MA CHE SARA' CHE COSA T'OFFRIRA' QUEST'ALTRA STORIA QUEST'ALTRA NOVITA'

5 PASSAGGI DAL GIALLO ALLA PALLOTTOLA SPUNTATA E UN CONSIGLIO INNOCENTE

Capitolo 1: Costruiamo

Costruiamo il nostro detective. Prima di tutto dev'essere colto e arguto; possibilmente d'indole pacata. Di nobile stirpe? Ancor meglio. Che sia poi ben vestito, mi sembra il minimo! Voto in osservazione 10/10. Empatia 10/10. Sofisticatezza? Manco a dirlo, 10/10. E vabbè Galanteria Avanzata e Seghe Mentali ossia Logica… 10/10 con lode e bacio accademico.

Questo il nostro uomo.

Agatha Christie

Poi prendiamo un morto. Creiamo una bella storiella attorno al morto, con tanto di scheletri nell'armadio e insomma vicende poco chiare nel suo passato. Mettiamo dentro un numero adeguato di possibili assassini, ma anche ambigui e loschi figuri innocentissimi, poi i bugiardi, i lacchè, gente impomatata e non, lecchini, ed ecco che il nostro super-Sherlock è pronto a intrattenerci per direi un 300 pagine di puro e classico giallo.

Con grandiosa ignoranza a voi il giallo o poliziesco che dir si voglia anni 20/30. Per intenderci quelli degli Agatha Christie, "Ellery Queen", Dorothy L. Sayers, Margery Allingham and company. Direi buona così, non giudico sia chiaro.

Capitolo 2: Voce ai giudicanti!

C'era qualcosa in questo genere del giallo "tradizionale" che non andava particolarmente a genio a due scrittori destinati a fare la storia di un altro genere, che potremmo definire fratello, o forse pecora-nera della famiglia.

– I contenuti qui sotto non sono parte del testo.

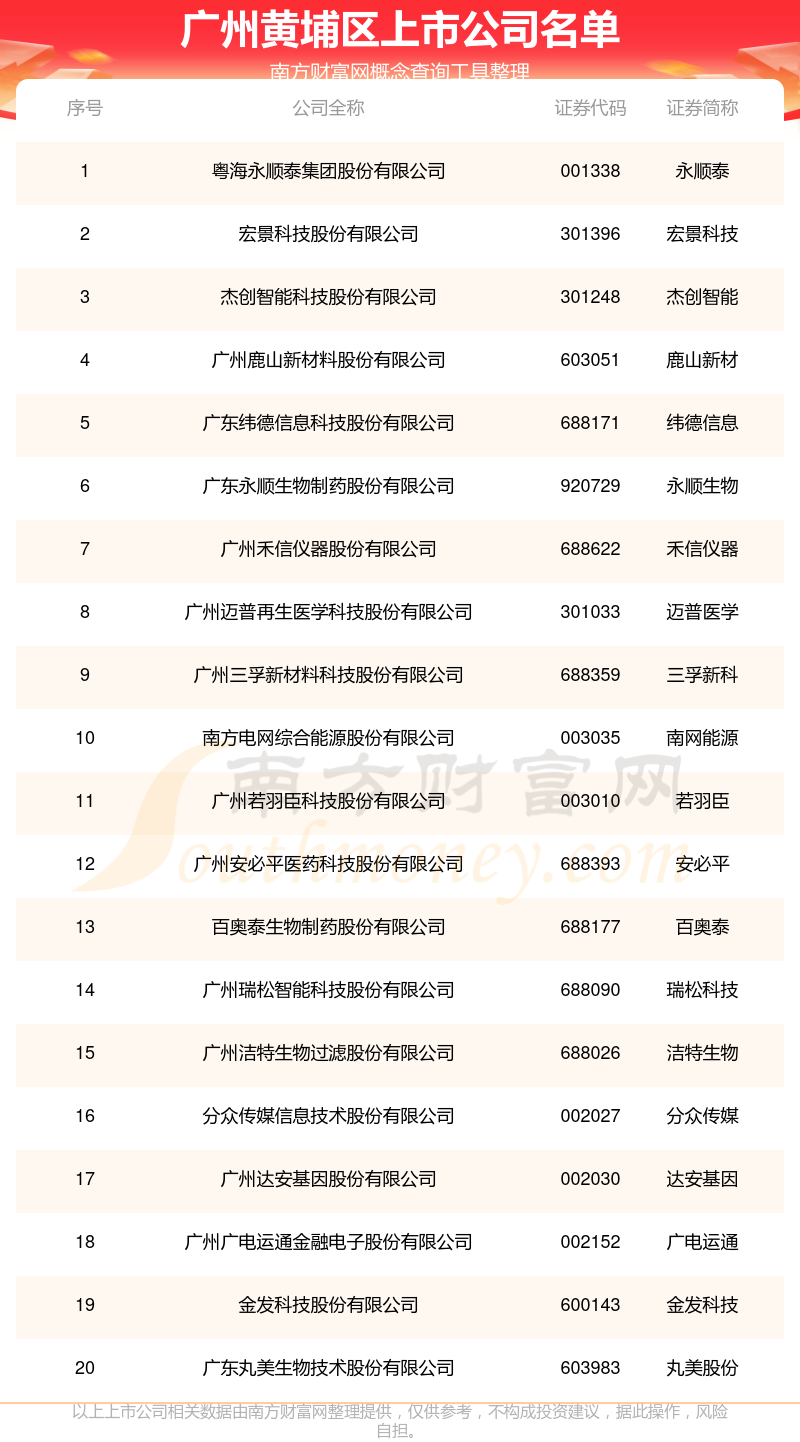 從數量來看,截至12月9日,廣州黃埔區(qū)共有50家A股上市公司。具體分布為上海證券交易所:南方航空、金發(fā)科技、宏昌電子、鹿山新材、原尚股份、好萊客、丸美生物、方邦股份、潔特生物、瑞松科技等15家,深圳證券交易所:穗恒運A、廣發(fā)證券、永順泰、分眾傳媒、達安基因、廣電運通、智光電氣、達意隆、毅昌科技、海格通信等34家,北京證券交易所:永順生物1家。

Sto parlando di Dashiell Hammett e Raymond Chandler.

Raymond Chandler

Per quanto riguarda il primo potremmo definire la posizione dello scrittore della Marilandia, più che giudicante e sprezzante nei confronti del giallo classico, di neutralità. Come a dire tu fai il tuo, io faccio il mio. Per quanto ne sappiamo su questi non si esprime; fa altro. Hammett senza una vera e propria rivoluzione, ma con uno stile totalmente differente da quello canonico del romanzo giallo, di fatto crea un genere o, quanto meno, inizia a dargli una forma, che porterà alla nascita dei polizieschi o Hard-boiled moderni. È oggettivo, cinematografico, imparziale quasi fosse una macchina da presa.

Non si può certo definire imparziale lo schieramento di Raymond Chandler, che proprio contro gli Agatha Christie di turno e il romanzo poliziesco tradizionale, o meglio, per salvarci da questi, scrive "La semplice arte del delitto".

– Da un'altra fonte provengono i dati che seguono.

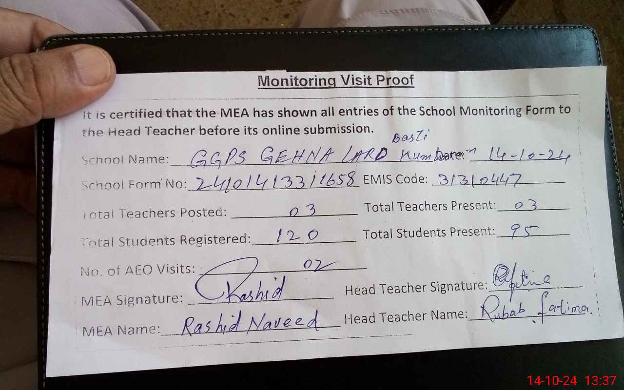 | Certified that this School was Inspected by the Undersigned MEA/DMO Today and the Information Stated Above is as Per Record. | |||||
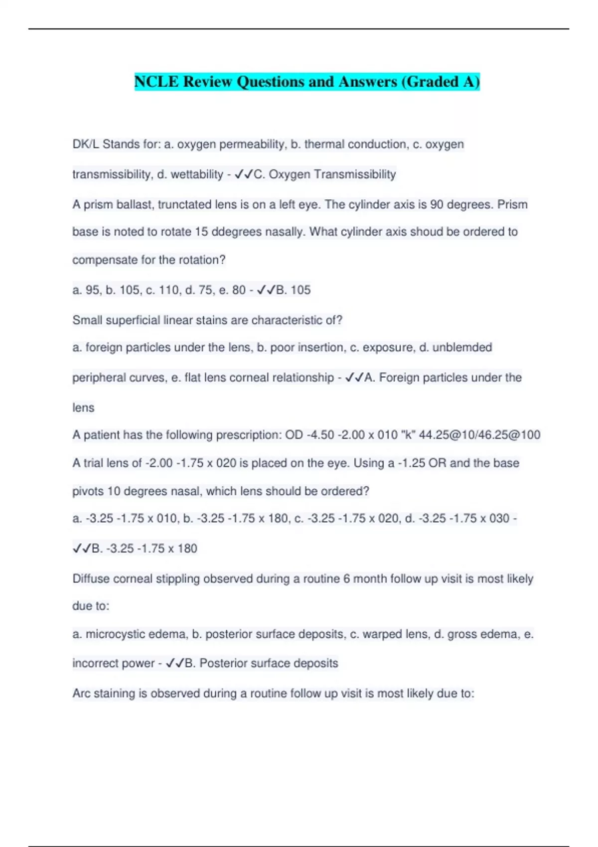 NCLE Contact Lens Exam 2 Questions with correct Answers

Dice Chandler a riguardo: "Il principale problema del poliziesco tradizionale risiede nel fatto che per farlo approdare alle rive della perfezione, ci vorrebbe un cocktail di dati che non è tanto facile ritrovare in un singolo scrittore". Detto in parole molto povere, di norma gli scrittori dei polizieschi, quanto meno in certi ambiti, cagano fuori dal vasello, anche a livello stilistico aggiungo. Sempre Chandler continua: "Chi sa impostare trame lucide e solide non è poi in grado di fornire personaggi vivaci o dialoghi brillanti. O manca il senso del ritmo o la profondità psicologica".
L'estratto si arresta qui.